Peter Sarsgaard (Shattered Glass and Kinsey) voices the robot. At first, Frank is averse to the robot and anyone watching this movie will probably share that aversion. In the past three or four decades of film history, robots have constantly been a source of aversion or outright fear. Either robots or machines with artficial intelligence have always been antagonists to humans, as depicted on film. From Stanley Kubrick's 2001: A Space Odyssey to James Cameron's The Terminator, robots as villains are a cliché and the voices of these robots are typically cold and calculating. Sarsgaard's voice is just above that. His voice has a warmth to it, and as the movie goes forward, his voice, mainly through dialogue, develops a personality.

Liv Tyler (The Lord of the Rings: The Fellowship of the Ring) also co-stars as Madison, Frank's daughter who unlike Hunter feels guilty about her father living alone and her not visiting as much. She travels to the cabin to take over the responsibilities of the robot and be her father's nurse. This probably would have been a good idea, but, Frank, despite his initial resistance, forms a bond with the robot, one that supercedes his familial relationships.
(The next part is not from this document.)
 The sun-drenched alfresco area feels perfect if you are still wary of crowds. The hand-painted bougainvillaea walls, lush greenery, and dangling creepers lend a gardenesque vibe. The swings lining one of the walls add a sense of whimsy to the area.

The reason Frank forms this bond is because the robot becomes an unwitting companion in Frank's hobby and that hobby is cat burglary. Frank, in his younger years, was a highly-accomplished thief, a professional thief. He's now retired, but he's still a bit of a kleptomaniac, a pickpocket and shoplifter, almost out of habit or addiction. He sees the robot has no morality outside its prime directive or chief programming, which is to care for Frank's health. Therefore, Frank decides to turn the robot into a robber.

With a very clever script by Christopher Ford and direction by Jake Schreier in his feature-length debut, the movie beautifully melds a story that's like Duncan Jones' Moon (2009) and Nicholas Fackler's Lovely, Still (2010). Schreier also gives Langella such breath to be funny, thrilling and heartbreaking. Schreier also provides moments of such great breath to Marsden, Tyler and Sarandon, Marsden in particular.
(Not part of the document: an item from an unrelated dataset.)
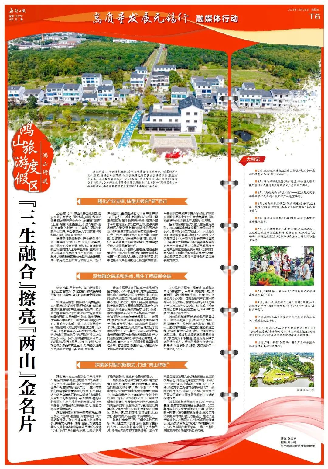 2023年鸿山旅游度假区(鸿山街道)以踔厉奋发的姿态,奋力奔跑在高质量发展的赛道上,“三生融合”积极探索乡村振兴新模式,持续擦亮宜居宜业宜游的“幸福高地”金名片。
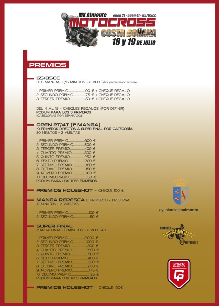 Ya conocemos los premios que se repartirán entre los mejores de las categorías Open 2T, 4T y 65cc y 85cc. Sin duda, los importes en metálico y los obsequios responden al buen trabajo que se está realizando por parte de la organización, a cargo del ex piloto Antonio Paricio y el el Moto Club Almonte.

You certainly know a film is good when even lesser characters are rendered memorable even when their appearances are so brief. This goes to Ana Gasteyer who plays a shopkeeper whom Frank annoys as well as Jeremy Strong who plays Jake, the new library owner whom annoys Frank, and Jeremy Sisto who plays Rollins, the sheriff who is investigating Frank's crimes.

Robot & Frank won the Alfred P. Sloan Prize at the Sundance Film Festival. The Sloan Prize is awarded to a feature film that focuses on science and technology as a theme or depicts a scientist, engineer, or mathematician as a main character. In the end credits, besides having the great song "Fell on Your Head" by Francis and the Lights, the film also has archival footage of real-life robots at work. It makes you realize that the events here are not that far off from the truth. The footage also reinforces ideas that pervades the film, ideas of human dependency on machines, human emotional connection to machines and machines being reflections of ourselves.

Five Stars out of Five.
Rated PG-13 for language.
Running Time: 1 hr. and 29 mins.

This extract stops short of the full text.